*** Opening of Data records ***

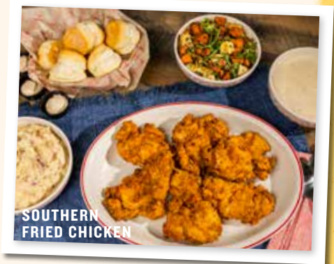
SOUTHERN FRIED CHICKEN

Seasoned and grilled to perfection. With creole mustard sauce, and your choice of two swoon-worthy sides. 2105 cal 69.99
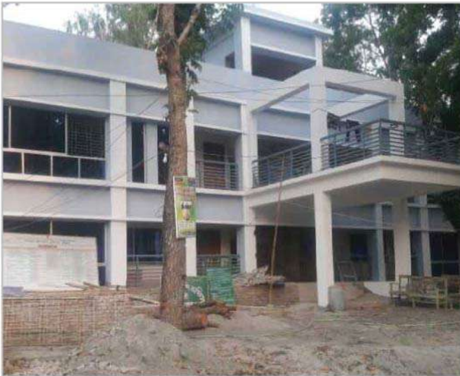
2 TH STORIED UPAZILA BHUMI OFFICE
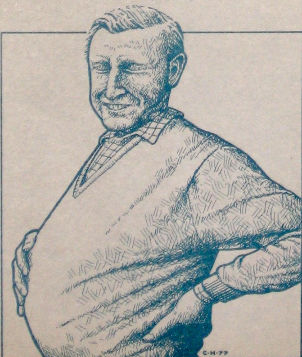
Benyon: Would he be so reactionary if it was him that got pregnant?
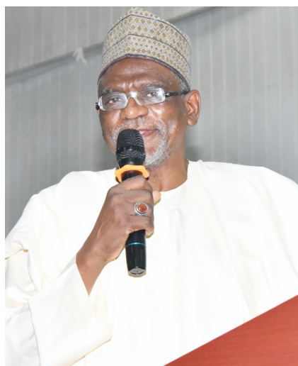
Malam Adamu Adamu Honourable Minister of Education

to take advantage of the training programme to equip themselves with the needed skills and by so doing transfer the knowledge
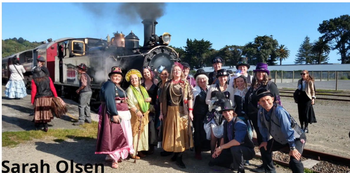
The Steampunk group.
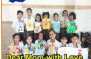
Dear Mom-with Love

*** Close of Data records ***

# [What is required]
Print again, word for word, every line from the line with "Malam Adamu Adamu" to the final line of the records, inclusive; skip the pictures.

# [Result of the task]
Malam Adamu Adamu Honourable Minister of Education

to take advantage of the training programme to equip themselves with the needed skills and by so doing transfer the knowledge
The Steampunk group.
Dear Mom-with Love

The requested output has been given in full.